Research published in PNAS, the Proceedings of the National Academy of Sciences of the United States of America, demonstrated for the first time that radiation remodels T-cell responses found within the tumors of patients with renal cell carcinoma (RCC), a form of kidney cancer that was previously thought to be radiation-resistant.
In an interview with CancerNetwork®, senior author Jason Muhitch, PhD, assistant professor of Oncology in the Departments of Urology and Immunology at Roswell Park Comprehensive Cancer Center, discussed the study findings and how this research could possibly impact practice guidelines for this patient population moving forward.
CancerNetwork®: Can you explain the key highlights of the study?
Muhitch: Our team studied kidney tumors resected after radiation treatment to uncover how this therapy influences patient antitumor immune responses. Analysis of the intratumoral T-cells revealed that tumors treated with radiation had a more clonal T-cell repertoire compared to patient tumors that were only resected. By identifying the intratumoral T-cell clones through high-throughput sequencing, we revealed that these same clones were expanded 2 weeks after radiation in peripheral blood samples.
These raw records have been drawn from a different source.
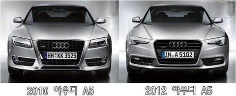 (사진 왼쪽이 2010 아우디 A5, 오른쪽이 2012 아우디 A5입니다.)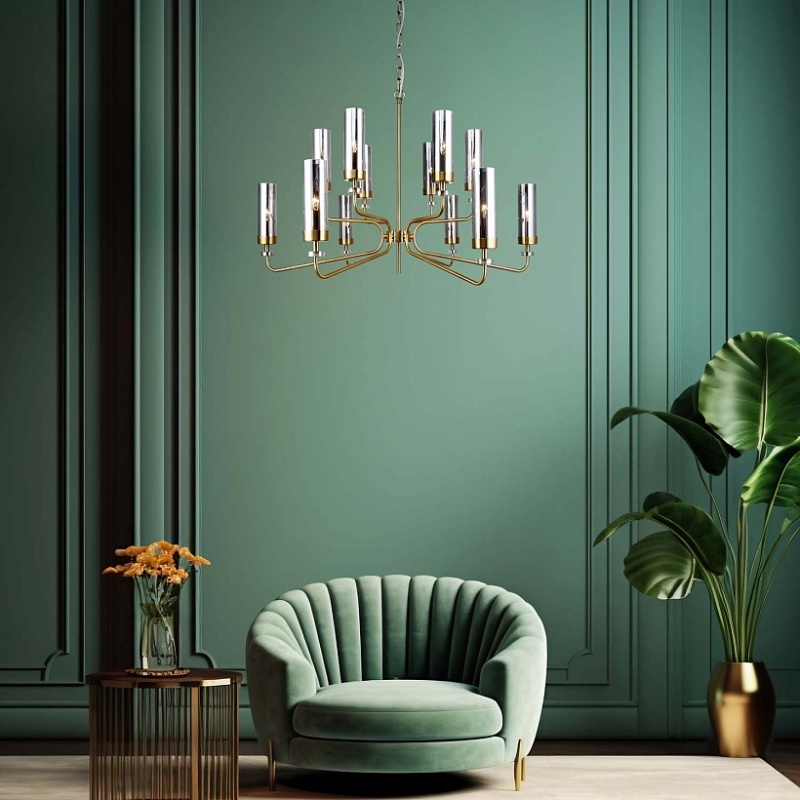 Каркас из металла бронзового цвета, удлиненный плафон из зеркально-серого стекла с гальваническим покрытием, цоколь E14.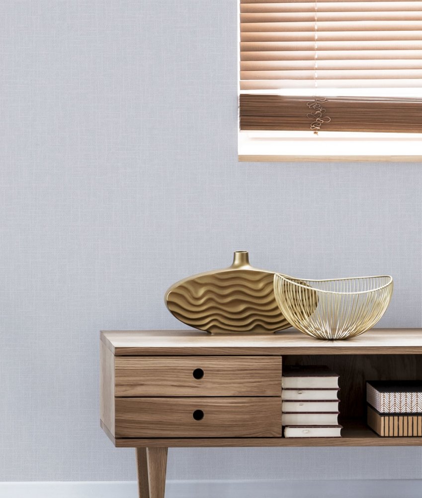 Gray finely textured wallpaper, coarser fabric design in shades of gray with subtle silver reflections.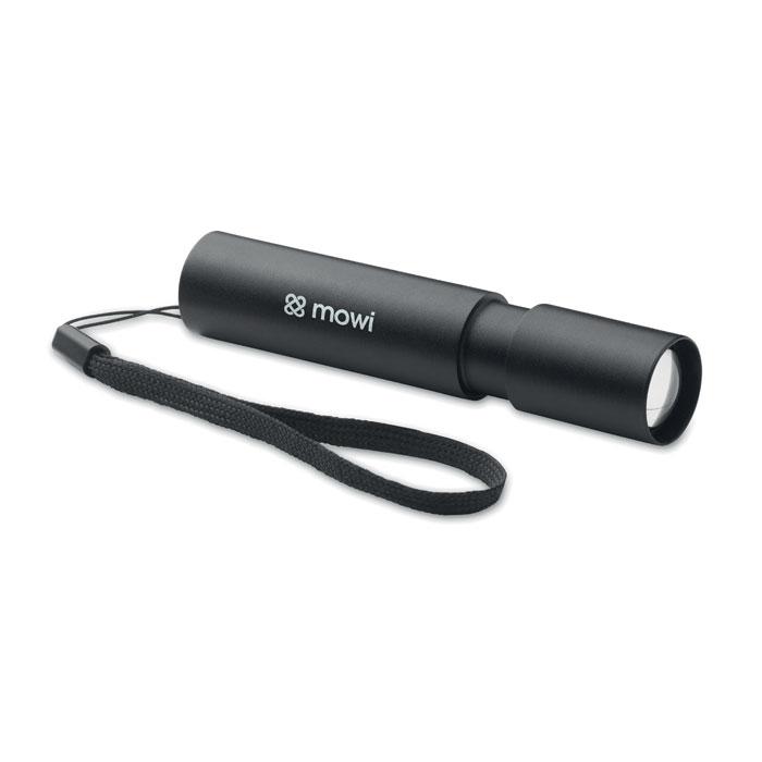 Aluminium oplaadbare zaklamp van 110 lumen met 3 lichtstanden en in-/uitzoomfunctie. Inclusief ingebouwde oplaadbare batterij van 400 mAh en oplaadkabel.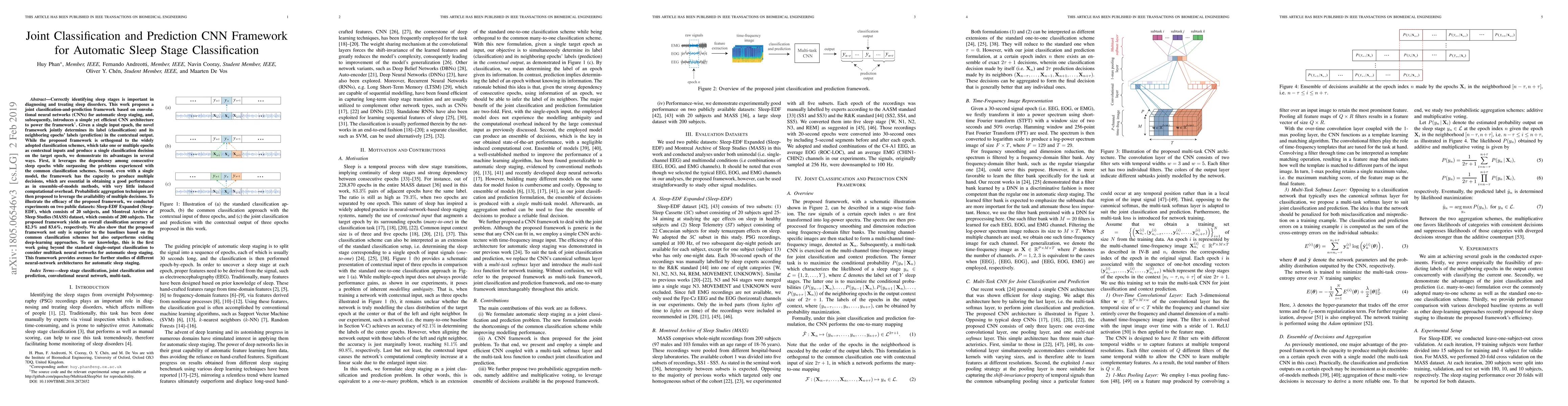 Correctly identifying sleep stages is important in diagnosing and treating sleep disorders. This work proposes a joint classification-and-prediction framework based on CNNs for automatic sleep staging, and, subsequently, introduces a simple yet efficient CNN architecture to power the framework. Given a single input epoch, the novel framework jointly determines its label (classification) and its neighboring epochs' labels (prediction) in the contextual output. While the proposed framework is orthogonal to the widely adopted classification schemes, which take one or multiple epochs as contextual inputs and produce a single classification decision on the target epoch, we demonstrate its advantages in several ways. First, it leverages the dependency among consecutive sleep epochs while surpassing the problems experienced with the common classification schemes. Second, even with a single model, the framework has the capacity to produce multiple decisions, which are essential in obtaining a good performance as in ensemble-of-models methods, with very little induced computational overhead. Probabilistic aggregation techniques are then proposed to leverage the availability of multiple decisions. We conducted experiments on two public datasets: Sleep-EDF Expanded with 20 subjects, and Montreal Archive of Sleep Studies dataset with 200 subjects. The proposed framework yields an overall classification accuracy of 82.3% and 83.6%, respectively. We also show that the proposed framework not only is superior to the baselines based on the common classification schemes but also outperforms existing deep-learning approaches. To our knowledge, this is the first work going beyond the standard single-output classification to consider multitask neural networks for automatic sleep staging. This framework provides avenues for further studies of different neural-network architectures for automatic sleep staging.

Interestingly, these same tumor-enriched T-cell clones were contracted in peripheral blood samples taken 4 weeks after radiation.
What would you say are the implications of these study findings?
The observed phases of expansion and contraction in patient peripheral blood samples could indicate a window in which radiation promotes T-cell activation and expansion, which is restrained relatively quickly. These same T-cell clones may also be actively infiltrating the tumor and the observed changes in peripheral blood may represent a combination of these processes. To decipher the relative contributions of T-cell activation and infiltration to the observed changes in peripheral blood will clearly require additional studies.
How could these study findings change practice guidelines in the future?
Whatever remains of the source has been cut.